CinÉireann February 2018 | Page 44

Cin É: Can you tell me a bit about the background to the film and how you became involved in the project?

Pual Duane (Director): Like a lot of other things, partly it came from social media. Somebody tweeted an article about this extraordinary musical event that happens every summer in the mountains of Epirus in Greece by Amanda Petrusich in the New Yorker. I read it and listened to some of the music which was embedded in the article, saw some of the photographs and it seemed like an incredible place. That was a 2014 article I think. Amanda had found it because she was writing a book about people who collected 78 rpm records and she found Chris King, who is an extraordinary man living in Virginia who spends his time finding records that are considered lost. He lives in world of, I wouldn’t say nostalgia, but he lives in the past. She was interviewing him about his collection of music and he told her about this place and he said that this is the only place in the world where the kind of connection between people and music that used to exist pre-1941 still existed. This kind of lifeblood of music still exists in Epirus and every summer he goes over there to this three-day music festival. It is not a festival like we would know, like Glastonbury, but like we would know as a kind of saint’s feast day. For three days in August every summer, the people of Zitsa in Epirus return home and they stay up all night and dance for 10, 11 or 12 hours until they reach the state of kefi, which is this state of ecstasy. They are not like, primitive people, these are modern people but they are very connected to their primitive past through the music. I read about all this and realised I wanted to do something.

There is a line from Chris King in the film that is ‘Everything recorded after 1941 is garbage.’

That is quite the statement isn’t it?

Chris is a man of great strong opinions and is a wonderful human being. He is a great lover of Tarkovsky and Stanisław Lem, reader of big science fiction and a real film buff.

He comes across as an extremely smart guy in the film.

He is very much somebody who comes from a working-class background, came from a tough West Virginia area. It is not an intellectuals’ paradise but Chris kind of educated himself to a great degree. A very intelligent man and someone who has a lot of suspicion of modernity. He spends a lot of time listening to this old music and he doesn’t listen to it like I would, consuming it I guess but he spends a lot of time trying to understand why it has such a hold over him. Whereas Creedence Clearwater Revival or someone like that makes him want to puke. I think it’s largely that he feels music had a role in the community and had a role for people and that role was severed by music becoming commodified. And he has taken 1941 as the point that radio took over from live transmission and song being handed down. Chris wanted to find that kind of music in the wild and he found that in Epirus in Greece and when he went there he recognised the thing that he was looking for in both the people and music of Epirus.

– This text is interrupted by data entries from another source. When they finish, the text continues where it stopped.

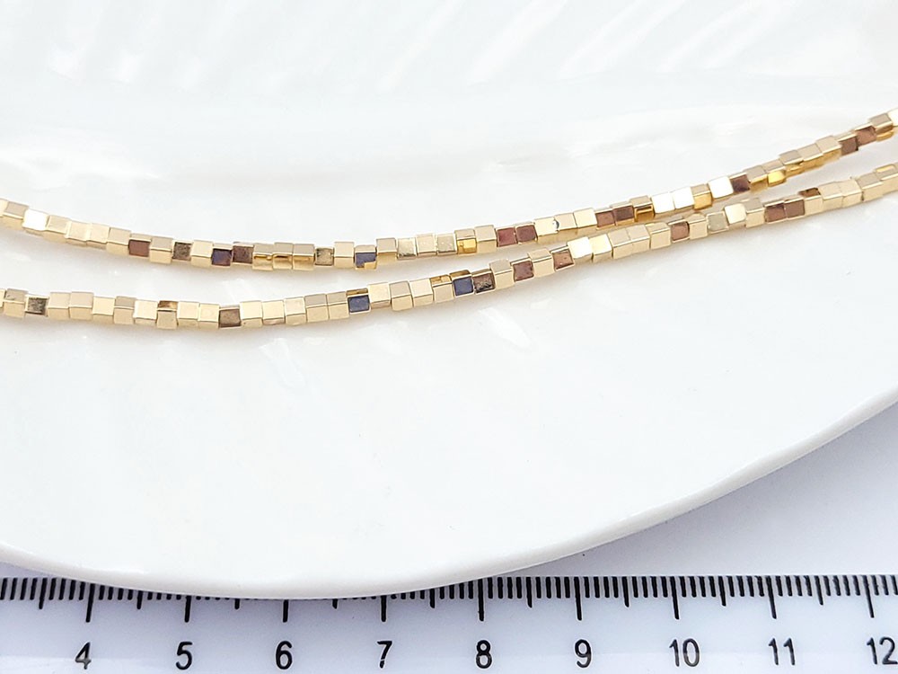 Гематит золото, кубик, 2 мм, ~40 см/нить2
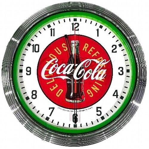 大人気の「コカ・コーラ」ネオネオンクロックがリニューアルして新登場!時計の盤面だけでなく、ガラス面にもデザインを施すことで奥行き感のあるデザインにバージョンアップしました!レトロアメリカンテイストのおしゃれな化粧箱に入っているのでプレゼントにもおススメ!
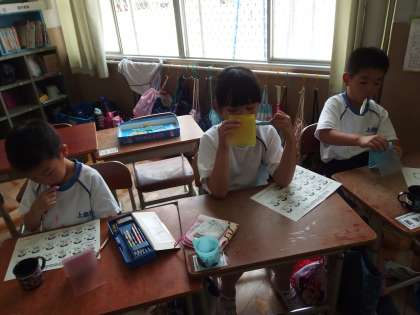 カラーテスターを使って,染め出した歯を見て,驚いたり,上手に磨けているんだなと思ったり,様々な感想をもった子どもたちです。
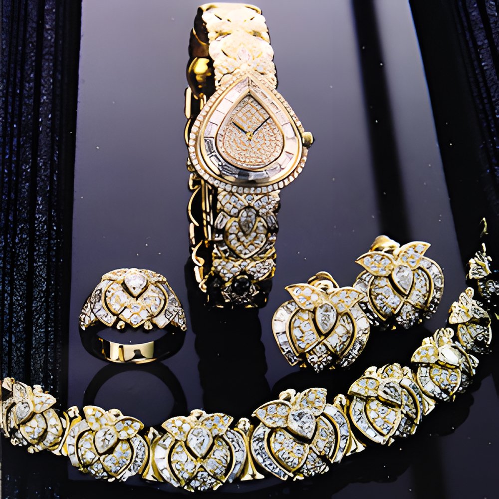 The «Taj Mahal» suite was designed in respectful salute to the famed white-marble mausoleum in Agra, India. The 18K yellow gold wristwatch is set with 6 carats of brilliantcut diamonds, 12 carats of baguette-cut diamonds and 2.3 carats of pear-cut diamonds. It contains a quartz-piloted movement. A ring, a necklace and earrings round out this dazzling 18K yellow gold jewellery set enhanced with 26 carats of variously cut diamonds.
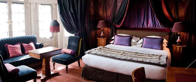 19 de 31 /OSCAR WILDE | O Hotel d’Alsace (agora chamado L’Hotel) em Paris foi a última morada do autor de O Retrato de Dorian Gray. Wilde viveu no hotel durante a década de 1890, e há relatos que dizem que uma das suas últimas frases foi: “O papel de parede e eu estamos a lutar num duelo até à morte – um de nós tem de ir.”

It is quite a stark and striking opening shot isn’t it? Was that in West Virginia?

That was Charlottesville. It is a lovely place but for Chris it is hell. Myself and my camera man went there, and we were saying that we would happily live there! It is a college town, it is very cosmopolitan. In terms of small American cities a lot of them don’t have a centre but Charlottesville has. There are thrift stores, libraries, a cinema and it really is a lovely place but to Chris, while he is slightly exaggerating by calling it hell, for him it is a place that he feels his existence has been cut off from what gives life meaning.